The result should hold only the lines from the one with "まわれX3 恋の絶叫(ぜっきょう)メリーゴーランド |" through the final line of the data below, transcribed exactly, pictures left out.

+++ Data under study +++

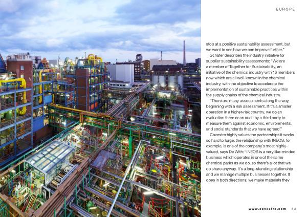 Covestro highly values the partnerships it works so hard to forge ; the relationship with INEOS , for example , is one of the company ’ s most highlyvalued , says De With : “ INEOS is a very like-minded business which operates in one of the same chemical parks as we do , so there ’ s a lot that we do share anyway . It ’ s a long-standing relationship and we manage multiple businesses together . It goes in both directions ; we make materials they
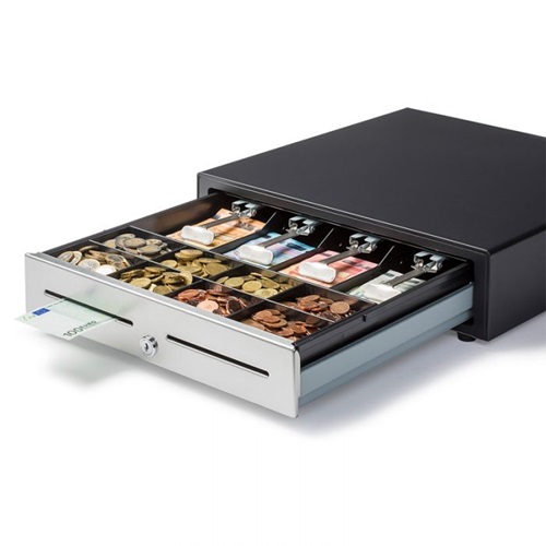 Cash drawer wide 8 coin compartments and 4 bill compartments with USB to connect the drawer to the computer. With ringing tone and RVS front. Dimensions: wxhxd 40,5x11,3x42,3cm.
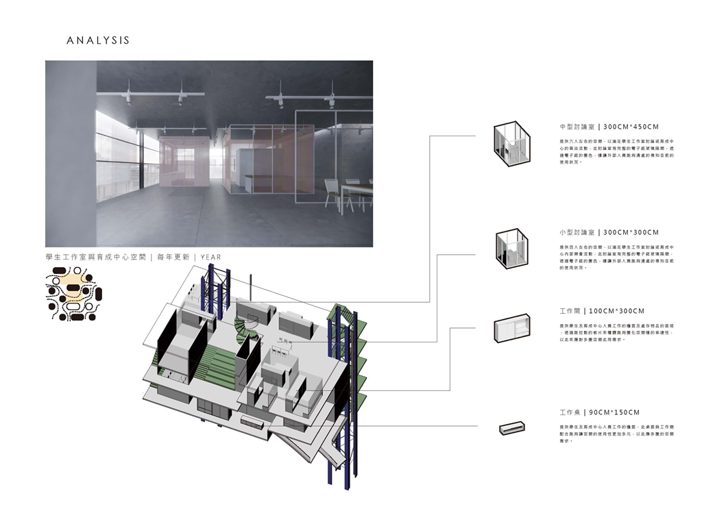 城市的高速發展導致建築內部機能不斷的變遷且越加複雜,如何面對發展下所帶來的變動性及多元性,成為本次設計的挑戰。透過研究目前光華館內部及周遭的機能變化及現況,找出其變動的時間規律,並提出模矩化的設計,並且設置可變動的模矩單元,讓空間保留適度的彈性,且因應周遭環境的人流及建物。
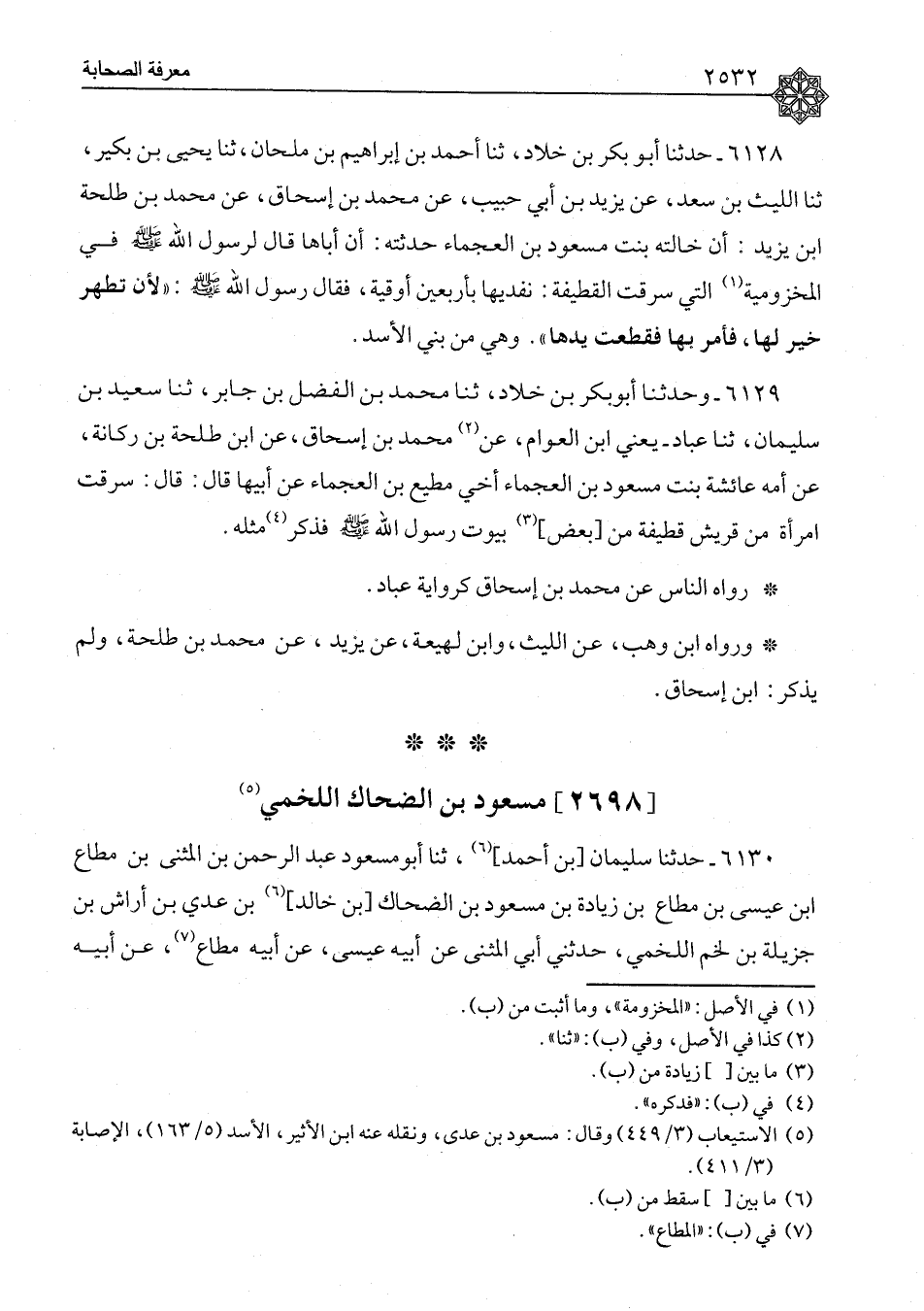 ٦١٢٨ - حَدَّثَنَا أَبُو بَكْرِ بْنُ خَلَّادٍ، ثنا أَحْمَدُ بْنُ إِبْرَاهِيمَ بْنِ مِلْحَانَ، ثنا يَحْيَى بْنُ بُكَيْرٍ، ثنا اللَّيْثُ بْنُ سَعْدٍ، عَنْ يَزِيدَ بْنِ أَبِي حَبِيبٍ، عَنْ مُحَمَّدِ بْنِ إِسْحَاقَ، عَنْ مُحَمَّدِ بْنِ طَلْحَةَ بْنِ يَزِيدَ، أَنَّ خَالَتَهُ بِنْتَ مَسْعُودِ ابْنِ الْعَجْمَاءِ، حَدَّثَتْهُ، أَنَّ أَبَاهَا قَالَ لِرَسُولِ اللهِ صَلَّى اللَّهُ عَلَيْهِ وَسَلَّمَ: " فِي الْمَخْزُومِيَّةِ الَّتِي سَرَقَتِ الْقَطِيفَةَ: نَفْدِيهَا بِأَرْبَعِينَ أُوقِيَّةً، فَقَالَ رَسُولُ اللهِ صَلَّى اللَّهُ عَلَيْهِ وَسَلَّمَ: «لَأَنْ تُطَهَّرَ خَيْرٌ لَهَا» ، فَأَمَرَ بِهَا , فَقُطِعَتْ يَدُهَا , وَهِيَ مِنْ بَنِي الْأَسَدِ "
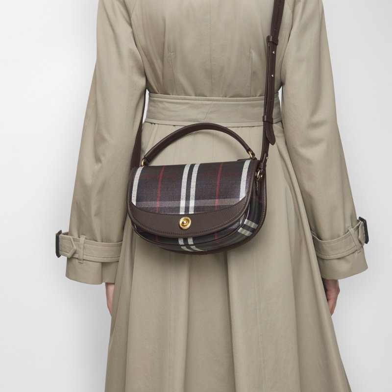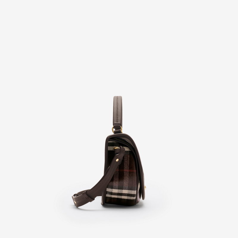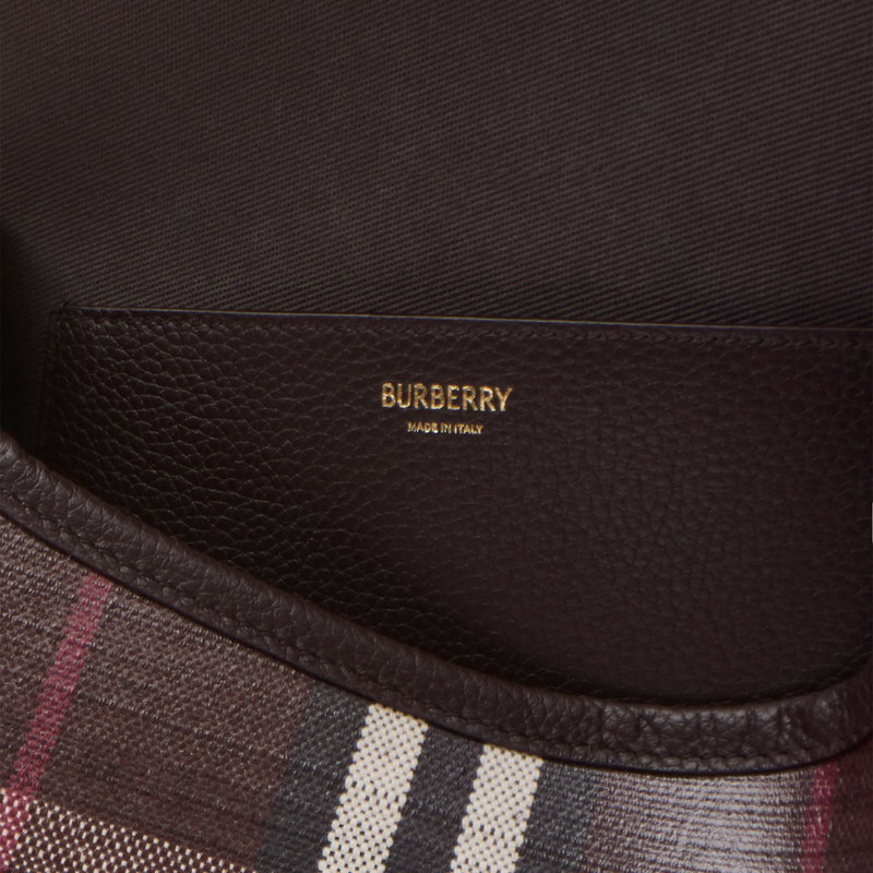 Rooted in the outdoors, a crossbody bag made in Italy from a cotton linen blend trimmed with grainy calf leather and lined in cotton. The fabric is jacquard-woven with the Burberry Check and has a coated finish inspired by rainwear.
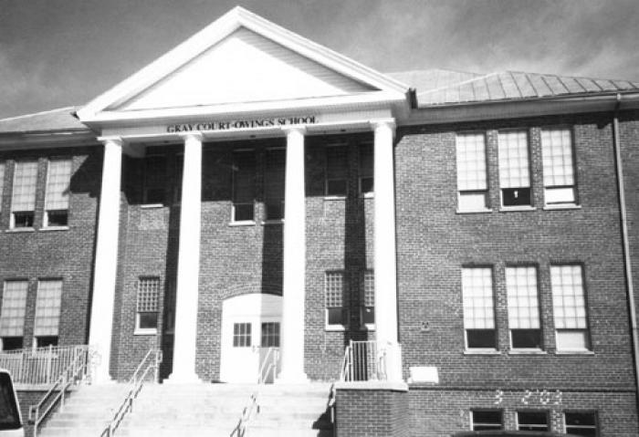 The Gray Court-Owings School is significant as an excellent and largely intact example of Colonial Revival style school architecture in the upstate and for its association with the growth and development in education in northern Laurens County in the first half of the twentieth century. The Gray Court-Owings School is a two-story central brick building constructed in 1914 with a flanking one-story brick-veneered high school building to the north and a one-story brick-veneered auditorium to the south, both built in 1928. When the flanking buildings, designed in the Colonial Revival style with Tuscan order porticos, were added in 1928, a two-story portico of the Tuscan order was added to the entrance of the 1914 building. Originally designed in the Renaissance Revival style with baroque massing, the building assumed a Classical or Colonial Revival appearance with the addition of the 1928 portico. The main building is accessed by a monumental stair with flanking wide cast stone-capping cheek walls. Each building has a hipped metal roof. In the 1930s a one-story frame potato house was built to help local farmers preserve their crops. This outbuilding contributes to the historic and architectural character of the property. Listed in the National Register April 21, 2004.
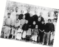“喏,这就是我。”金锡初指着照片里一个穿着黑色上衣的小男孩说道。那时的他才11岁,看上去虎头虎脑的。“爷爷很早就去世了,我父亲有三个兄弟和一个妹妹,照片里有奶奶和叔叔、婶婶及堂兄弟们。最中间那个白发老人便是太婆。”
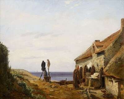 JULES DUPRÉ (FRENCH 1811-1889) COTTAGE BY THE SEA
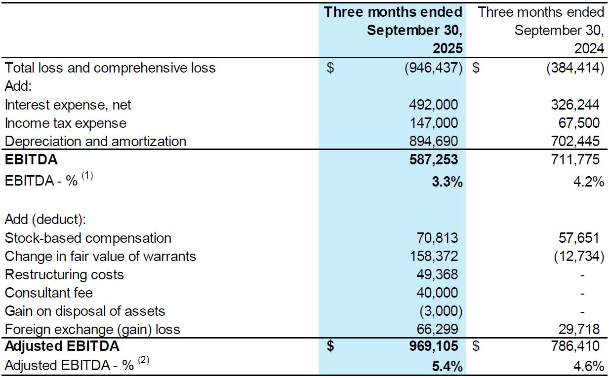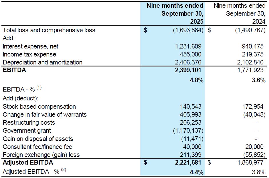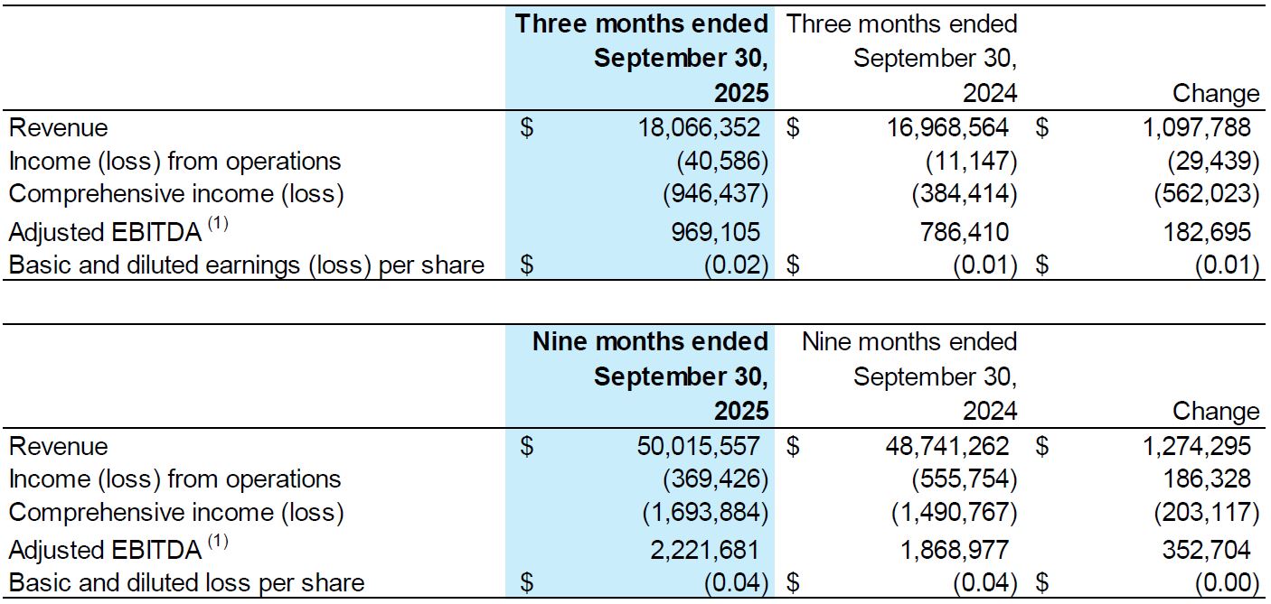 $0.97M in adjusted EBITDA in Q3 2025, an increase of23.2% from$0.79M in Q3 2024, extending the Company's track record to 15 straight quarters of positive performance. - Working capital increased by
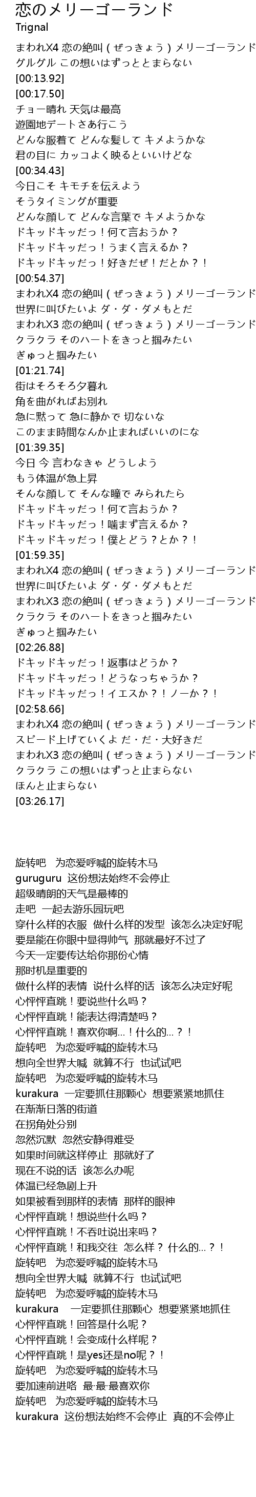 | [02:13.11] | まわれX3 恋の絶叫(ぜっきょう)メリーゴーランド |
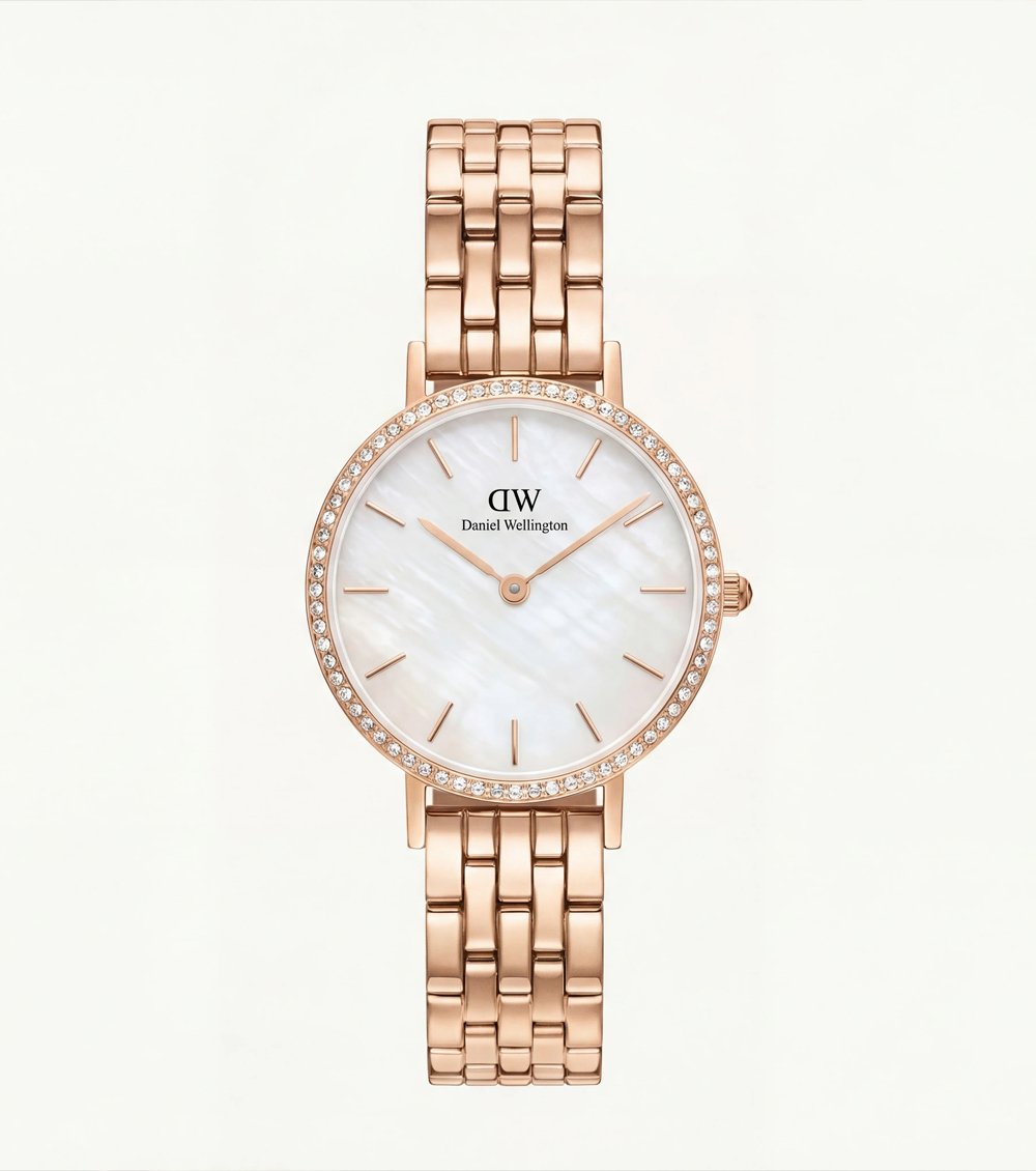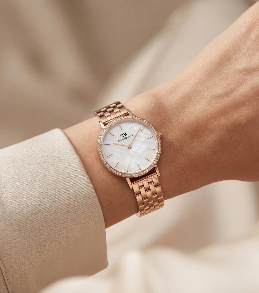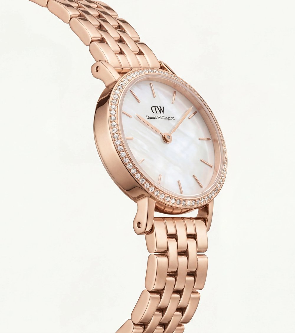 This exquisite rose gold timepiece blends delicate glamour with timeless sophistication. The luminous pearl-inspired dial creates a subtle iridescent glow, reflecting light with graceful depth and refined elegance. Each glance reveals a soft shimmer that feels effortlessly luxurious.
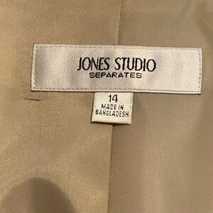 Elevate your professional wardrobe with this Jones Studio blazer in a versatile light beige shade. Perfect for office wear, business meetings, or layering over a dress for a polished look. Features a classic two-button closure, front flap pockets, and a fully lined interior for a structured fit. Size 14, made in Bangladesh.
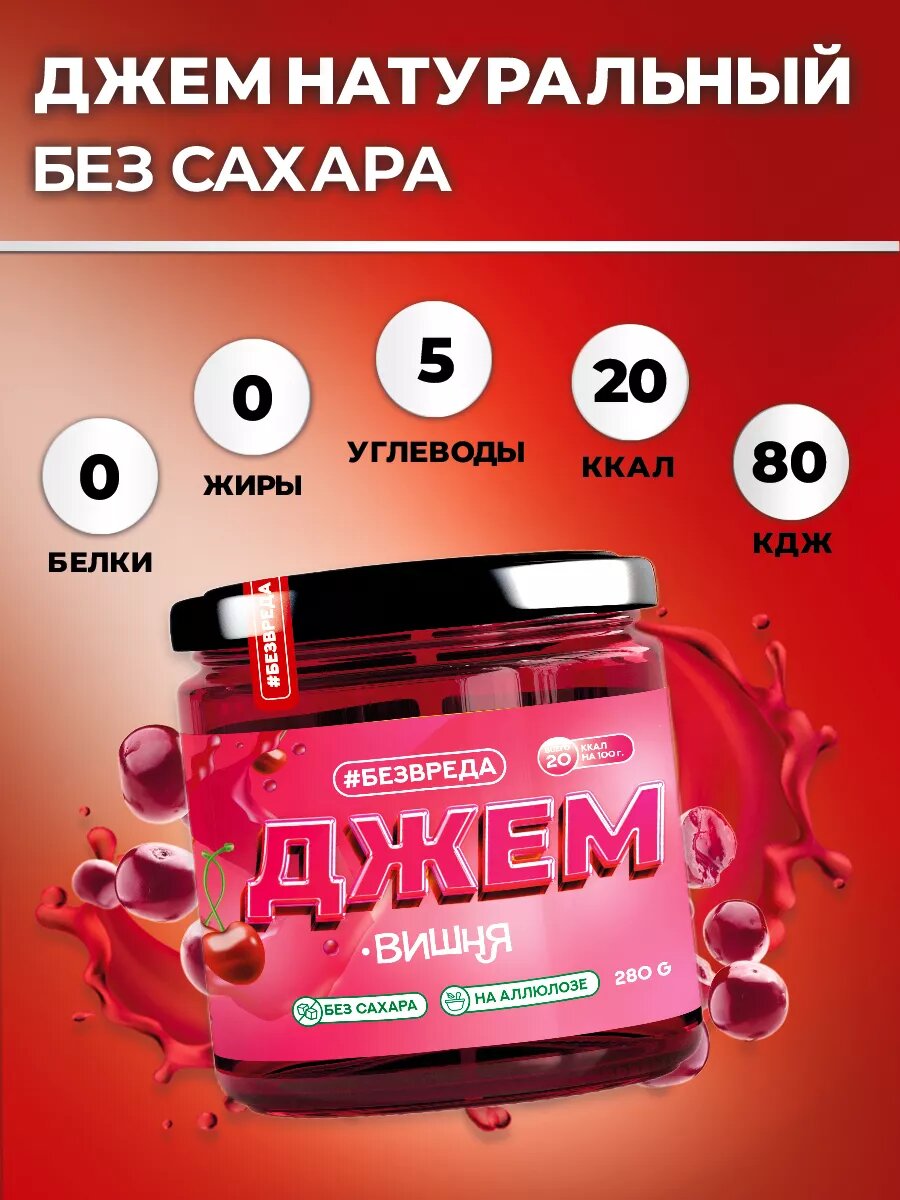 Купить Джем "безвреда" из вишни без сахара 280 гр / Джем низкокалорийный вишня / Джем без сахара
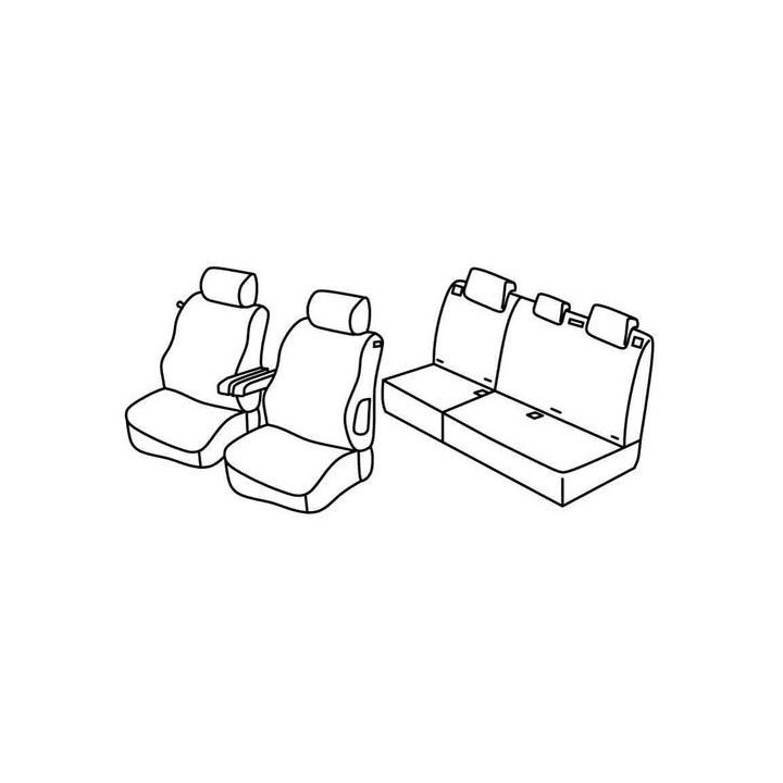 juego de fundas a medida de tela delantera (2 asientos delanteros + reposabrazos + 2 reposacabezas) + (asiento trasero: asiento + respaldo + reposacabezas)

+++

:: Written solution ::
 | [02:13.11] | まわれX3 恋の絶叫(ぜっきょう)メリーゴーランド |
 This exquisite rose gold timepiece blends delicate glamour with timeless sophistication. The luminous pearl-inspired dial creates a subtle iridescent glow, reflecting light with graceful depth and refined elegance. Each glance reveals a soft shimmer that feels effortlessly luxurious.
 Elevate your professional wardrobe with this Jones Studio blazer in a versatile light beige shade. Perfect for office wear, business meetings, or layering over a dress for a polished look. Features a classic two-button closure, front flap pockets, and a fully lined interior for a structured fit. Size 14, made in Bangladesh.
 Купить Джем "безвреда" из вишни без сахара 280 гр / Джем низкокалорийный вишня / Джем без сахара
 juego de fundas a medida de tela delantera (2 asientos delanteros + reposabrazos + 2 reposacabezas) + (asiento trasero: asiento + respaldo + reposacabezas)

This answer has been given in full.